Ärzte Zeitung online, 02.02.2016

Anwälte

Gemeinsame Sache mit Ärzten erlaubt

Das Bundesverfassungsgericht kippt eine Vorschrift, die Rechtsanwälten Partnerschaftsgesellschaften etwa mit Heilberuflern untersagt. Das eröffnet neuen Spielraum für Kooperationen unter Freiberuflern.

Von Martin Wortmann

Anwälte dürfen sich mit Ärzten und Apothekern verpartnern

Gegen das Verbot anwaltlicher Kooperationen mit Ärzten macht das Bundesverfassungsgericht die im Grundgesetz verankerte Freiheit der Berufsausübung geltend.

© Uli Deck/dpa

KARLSRUHE. Partnerschaftsgesellschaften von Ärzten und Apothekern mit Rechtsanwälten sind künftig erlaubt.

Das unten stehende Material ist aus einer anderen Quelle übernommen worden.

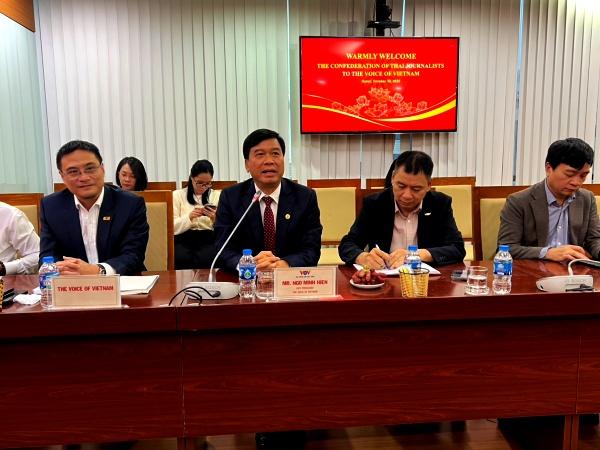 นายโง มินห์ เหียน กล่าวว่า “ความสัมพันธ์ระหว่างสื่อไทยกับเวียดนามมีความร่วมมือกันด้วยดีมาอย่างต่อเนื่อง สำหรับสถานี VOV ก่อตั้งปี 1945 ครบรอบ 80 ปีในปีนี้ การดำเนินงานประสบความสำเร็จได้รับรางวัลจากพรรคคอมมิวนิสต์ และองค์กรต่างๆ ระหว่างประเทศ เช่น ABU ปัจจุบันมีสื่อในเครือทั้งวิทยุ โทรทัศน์และหนังสือพิมพ์ออนไลน์ มีสำนักงานตัวแทนภายในประเทศ 7 แห่ง มีช่องข่าวหลากหลาย ได้แก่ข่าวสาร การศึกษา สังคม ภาษาชนเผ่า ต่างประเทศ คลื่นภาษา 13 ภาษา รวมทั้งไทย และคลื่นจราจร ซึ่งกำลังเป็นที่นิยม นอกจากนี้มีสำนักงานในต่างประเทศ 5 แห่ง รวมทั้งในประเทศไทยที่กรุงเทพฯ ปัจจุบัน VOV มีการแลกเปลี่ยนผู้สื่อข่าวดูงานกับกรมประชาสัมพันธ์ของไทย รวมทั้งการแลกเปลี่ยนกับสมาพันธ์สื่อมวลชนแห่งประเทศไทย ทำให้ได้รับความรู้และประสบการณ์มากขึ้น นำมาปรับใช้ในการทำงานให้มีประสิทธิภาพมากขึ้น”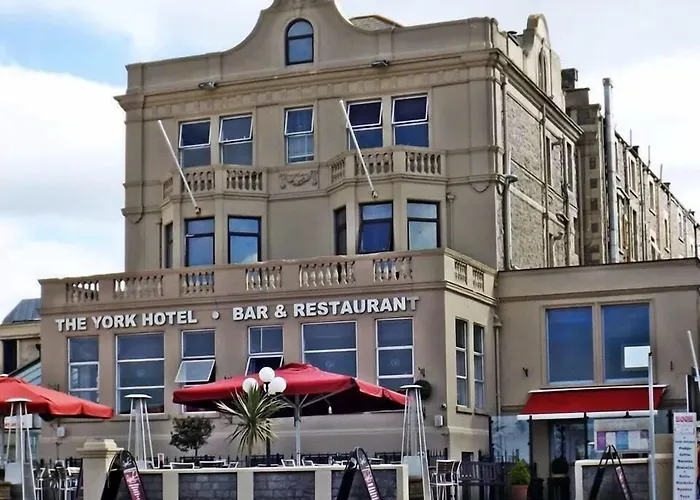 The York Hotel, a 3-star Weston-super-Mare hotel with a rating of 7.8/10 on Booking.com, features stunning sea views and a stylish restaurant serving traditional home-cooked food. Guests can enjoy a chic wine bar, spacious accommodations, and a terrace with panoramic views over the bay.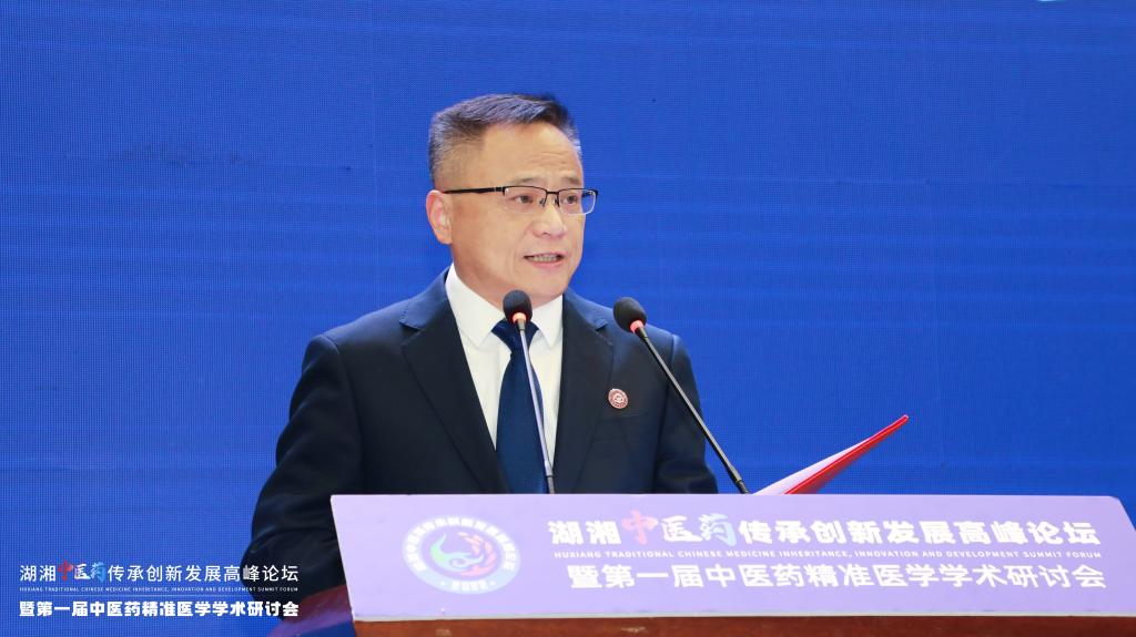 曾立新代表省科技厅对会议的召开表示热烈祝贺。他指出,本次会议是贯彻落实党的二十大精神和省委、省政府部署、促进中医药传承创新发展的实际行动,希望与会单位勇担重任、不负使命,齐心协力推进我国中医药传承创新发展。他表示,省科技厅将以更加有力的措施,加快推动中医药教育、科技、人才融合发展,共同开创湖南中医药传承创新发展的新局面。
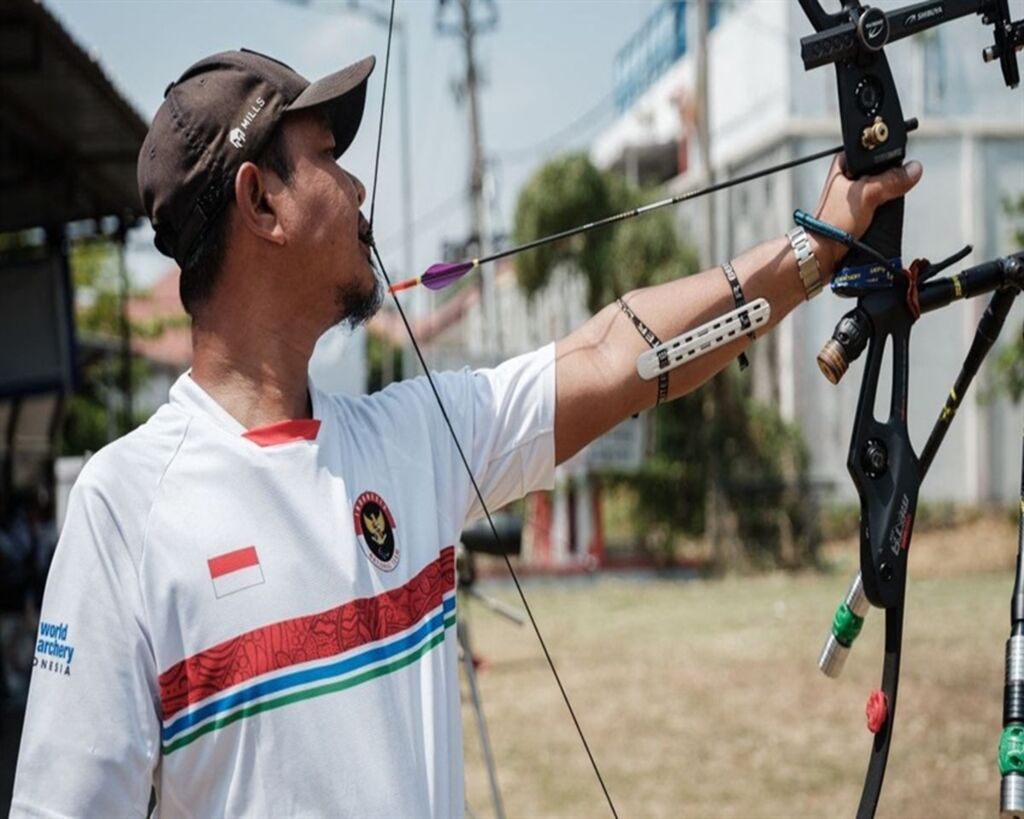 | Kholidin, archer paralympique indonésien, démontre une technique hors du commun en bandant l’arc avec les dents. |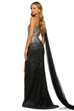 One shoulder scuba dress with hot fix embellishments, side cut out, slit, and cape.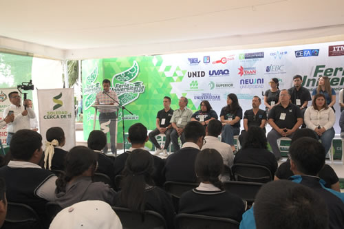 A nombre del Alcalde, el Secretario general del Ayuntamiento, Benjamín Pérez Álvarez resaltó que esta Feria responde a la alta demanda de opciones educativas que cada año manifiestan las y los jóvenes del municipio. “Este evento es para ustedes, para que encuentren el camino hacia una profesión con claridad, seguridad y con respaldo, gracias a los convenios establecidos por esta Administración, muchas de las instituciones aquí presentes ofrecen descuentos especiales en inscripciones, mensualidades y becas académicas”.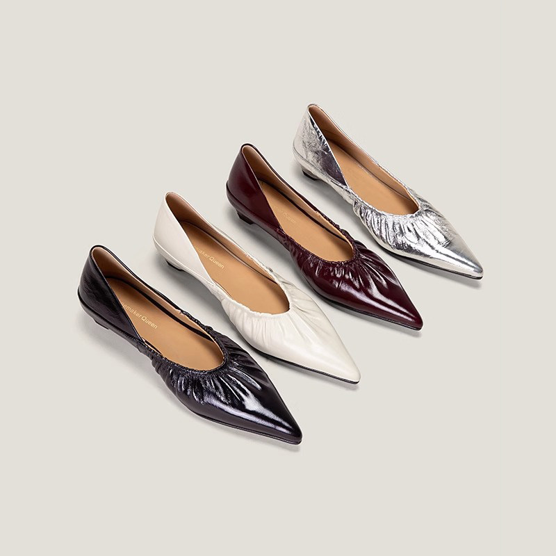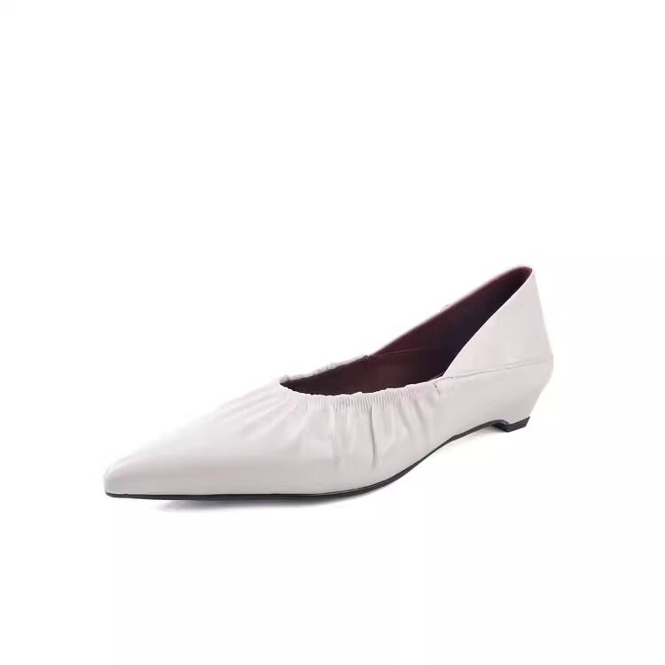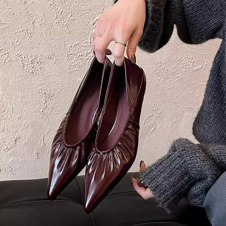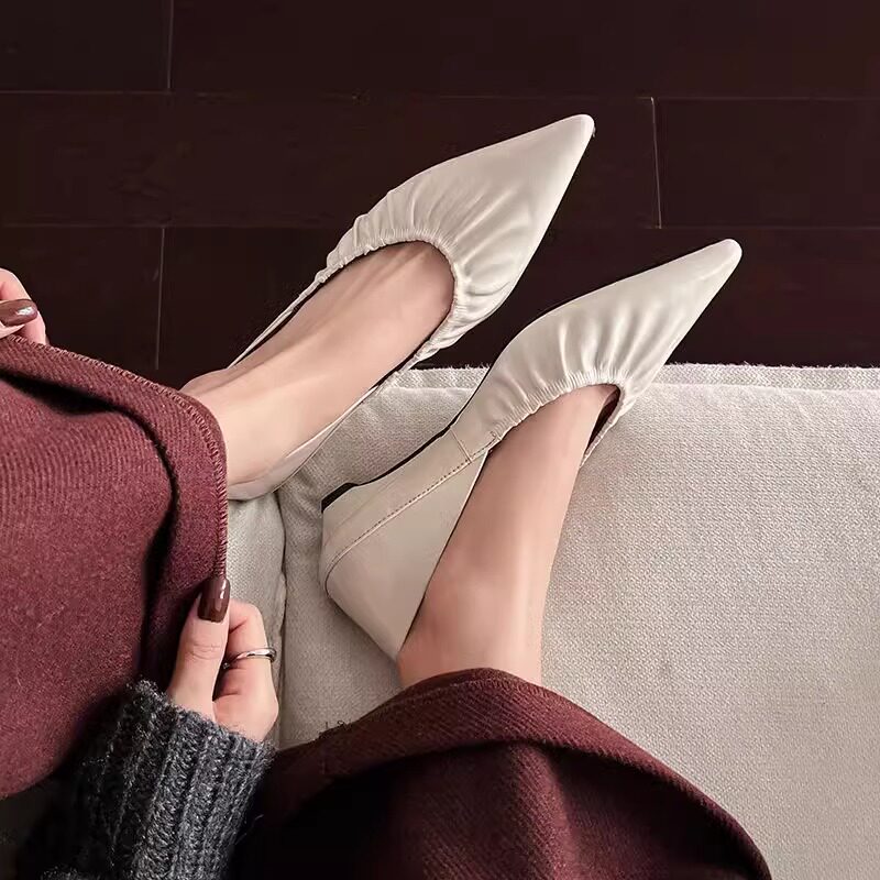 羊皮版法式尖头百搭浅口单鞋2025春夏新款褶皱气质坡跟奶奶鞋女士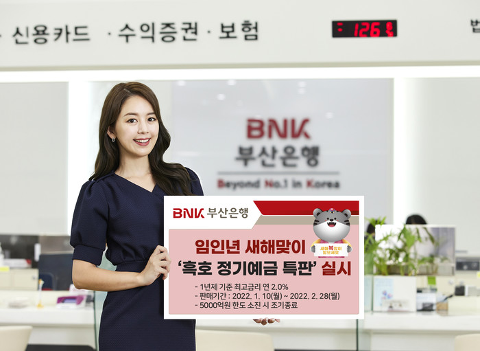 [시민일보 = 여영준 기자] BNK부산은행은 임인년 새해를 맞아 ‘흑호 정기예금 특판’을 실시한다고 10일 밝혔다.
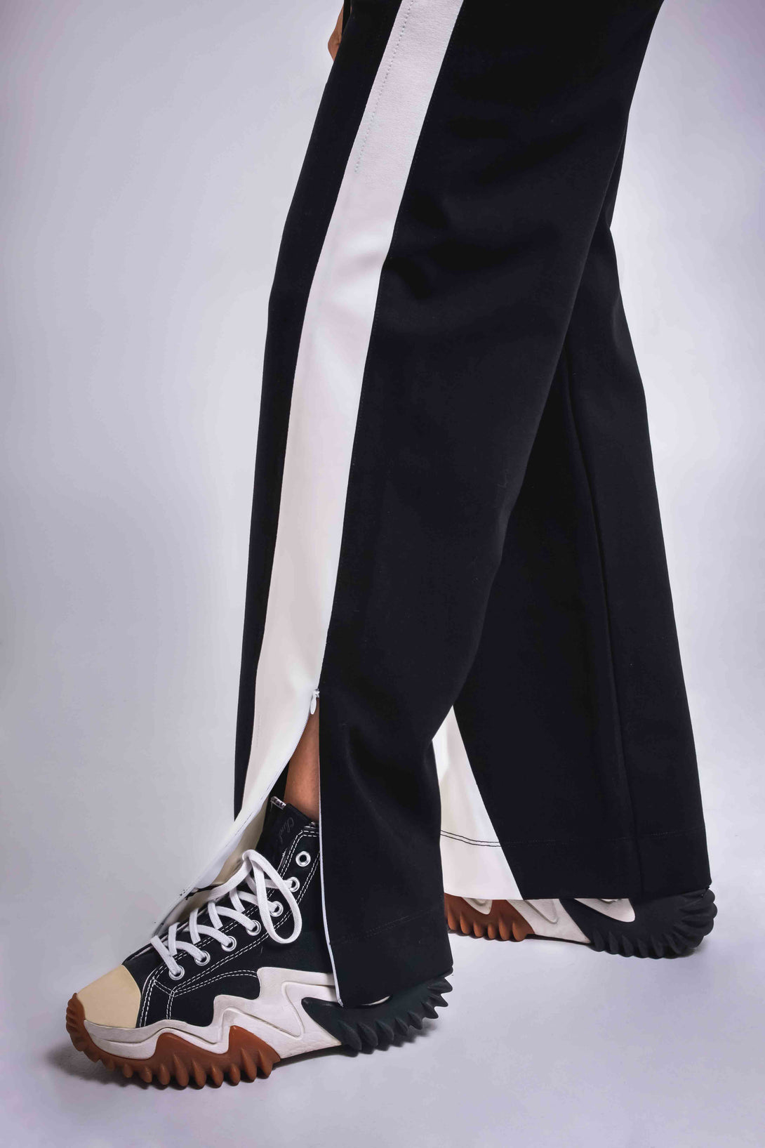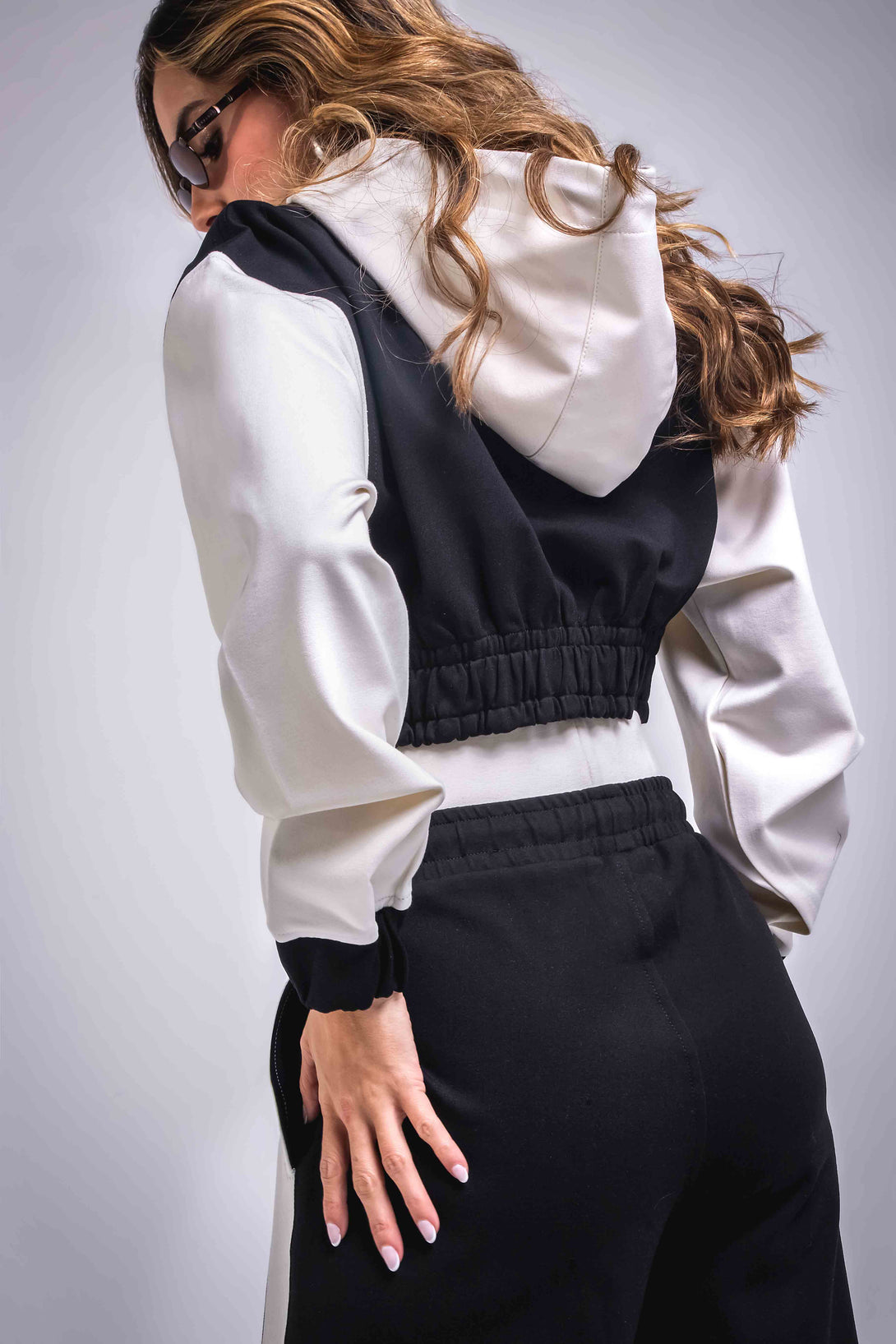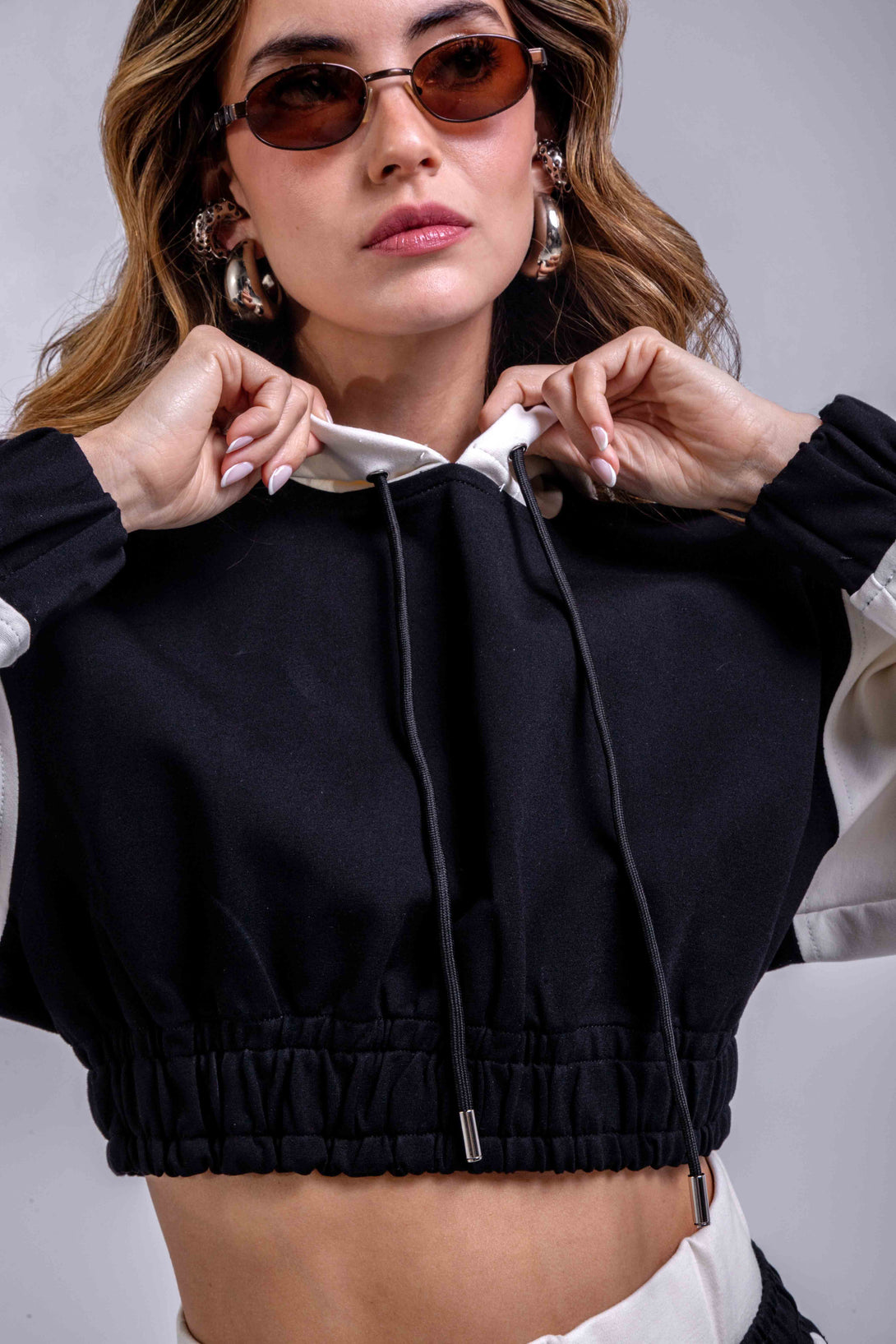 hoodie crop con capucha y ajuste elástico en la pretina, en contraste de negro con mangas blancas, y un pantalón jogger wide leg de tiro medio con pretina ajustable, que integra bloques bicolor a los costados para un efecto visual estilizado y moderno.

Ein gegenteiliges Verbot in der Bundesrechtsanwaltsordnung (BRAO) greift unverhältnismäßig in die Berufsfreiheit ein und ist daher verfassungswidrig, wie das Bundesverfassungsgericht in einem am Dienstag veröffentlichten Beschluss entschied.

Um eine umfassende, fachlich-juristische Beratung anbieten zu können, tun sich Rechtsanwälte häufig mit spezialisierten Kollegen aber auch mit anderen Berufsgruppen zusammen.

Zulässig ist dies laut BRAO allerdings nur mit Steuerberatern und -bevollmächtigten, Wirtschaftsprüfern sowie vereidigten Buchprüfern. Die Liste gilt als abschließend.

Im Umkehrschluss sind Partnerschaftsgesellschaften mit anderen Berufen, darunter etwa Ärzten und Apothekern, daher verboten.

Grundrecht auf Berufsfreiheit verletzt

Dennoch hatten ein Rechtsanwalt und eine Ärztin und Apothekerin im Raum Würzburg eine gemeinsame Gesellschaft gegründet. Tätigkeit sollten Gutachten und Beratung im Bereich des Arzt- und Apothekenrechts sein. Patienten behandeln wollte die Ärztin nicht.

Das Amtsgericht Würzburg lehnte die Eintragung in das Partnerschaftsregister unter Hinweis auf die BRAO ab. Dem folgte auch das Oberlandesgericht Bamberg.

In dritter Instanz hatte der Bundesgerichtshof allerdings verfassungsrechtliche Bedenken. Er legte die BRAO-Vorschrift daher dem Bundesverfassungsgericht zur Prüfung vor.

Das schloss sich den Argumenten des BGH nun an. Die Regelung sei mit dem Grundrecht der Berufsfreiheit unvereinbar, befanden die Verfassungsrichter in ihrem jetzt schriftlich veröffentlichten Beschluss.

Allerdings betonten sie, dass der Gesetzgeber berufliche Zusammenschlüsse von Rechtsanwälten begrenzen darf. Dies solle die "anwaltlichen Grundpflichten" sichern, insbesondere die Verschwiegenheit und die unabhängige Interessenvertretung der Mandanten.

Doch Sinn einer berufsübergreifenden Partnerschaftsgesellschaft sei es gerade, fachliche Kompetenzen auszutauschen. Von den Kunden, die eine solche Sozietät beauftragen, werde dies "regelmäßig erwartet".

Eingriff in Berufsfreiheit

Ein Verstoß gegen die Verschwiegenheitspflicht liege in der internen Weitergabe von Informationen daher nicht. Für die Beratungsqualität und den wirtschaftlichen Erfolg einer Kanzlei seien solche Kooperationen oft entscheidend, der Eingriff in die Berufsfreiheit daher erheblich.

Das Risiko für die Verschwiegenheit nach Außen sei demgegenüber gering. Denn auch Ärzte und Apotheker unterlägen einer Schweigepflicht. Soweit die der Rechtsanwälte im Einzelfall darüber hinausgehe, habe der Gesetzgeber Risiken für die Vertraulichkeit bereits bei anwaltlichen Allianzen mit Steuerberatern und Wirtschaftsprüfern in Kauf genommen.

Der Beschluss könnte Anlass geben, einen Entwurf zur Änderung der BRAO aus 2006 wieder aus der Schublade zu holen.

Danach sollten Rechtsanwälte sich mit all jenen Berufsgruppen zusammenschließen können, die auch als Zweitberuf der Anwälte selbst als zulässig und "vereinbar" gelten. Eine abschließende Liste dieser Berufe gibt es nicht.